Norton, Desmond (1975) PROBLEMS IN ECONOMIC PLANNING AND POLICY FORMATION IN IRELAND, 1958-1974. BROADSHEET No. 12, June 1975. UNSPECIFIED.
Abstract
In retrospect, it seems that among the deficiencies in Irish economic policy in the early and mid-fifties were: (i) Failure to reorientate sufficiently Irish industry, and to promote services such as tourism, toward export markets after the period of growth via import substitution (the mid-’twenties to the ’fifties) had tapered off, and (ii) Failure to maintain, by fiscal measures, a high level of domestic demand. The extreme openness of tile economy is a feature to be recalled: imports since 1947 have averaged over 40 per cent of GNP at factor cost. Despite import substitution, imports, and the ratio of imports to GNP, had risen between the ’thirties and the ’fifties.

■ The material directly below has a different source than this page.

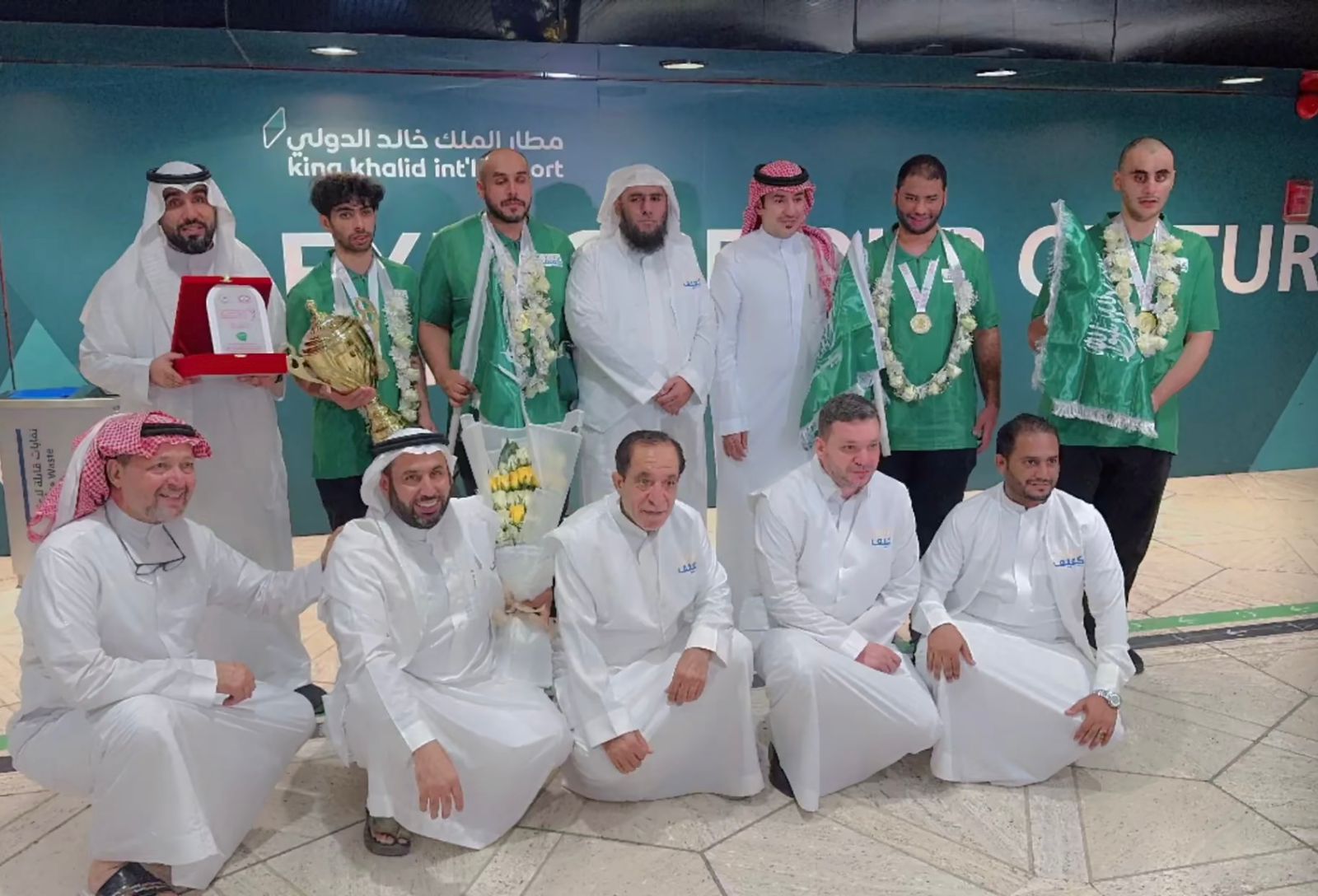 استقبل اعضاء مجلس ادارة ومنسوبي جمعية “كفيف” يتقدمهم المدير التنفيذي بالجمعية بالإنابة الاستاذ على الشهري ومدير العلاقات العامة والاعلام الاستاذ عبدالمحسن القشعمي وعدد من الإعلاميين فريق كرة الهدف بالجمعية “كفيف ” بعد وصولهم لمطار الملك خالد الدولي بالرياض وذلك بعد تحقيقهم المركز الأول وكأس بطولة تحدي الجمعيات والأندية الخليجية والتي أقيمت في مسقط بدولة عمان الشقيقة ، حيث استطاع النجوم تحقيق الفوز فى المباراة النهائية على المنتخب القطري بنتيجة (9- 4 )وبعد نهاية المباراة توج رئيس اللجنة البارالمبية العمانية ورئيس مجلس إدارة جمعية النور بعمان نيابة عن صاحب السمو السيد فهر بن فاتك بن فهر آل سعيد، وبحضور القائم بالأعمال في السفارة السعودية في سلطنة عُمان الاستاذ/ يوسف محمد العودة الفائزين بالمراكز المتقدمة ، وقد حظي الوفد المشارك المكون من أ. إبراهيم الخنيفر رئيساً للوفد، واللاعبون: الوليد كعبي وإبراهيم المحياء ومبارك الشهراني ومحمد الحسياني ويزيد البطي.بحسن الحفاوة والاستقبال من القائمين بمطار الملك خالد الدولي ومن وسائل الإعلام المختلفة خاصة من هيئة الاذاعة والتلفزيون ممثلة بالقنوات السعودية وكذلك مراسلي الصحف المختلفة.

In the absence of considerable foreign borrowing (which, apparently for nationalistic reasons, successive governments discouraged) increased demand for imports, necessary for, as well as generated by, income growth, could not be satisfied without placing stress on balance of payments constraints on domestic expansion. Fear of adverse international payments balances was, in fact, the principal rationale for the deflationary fiscal policies of the times.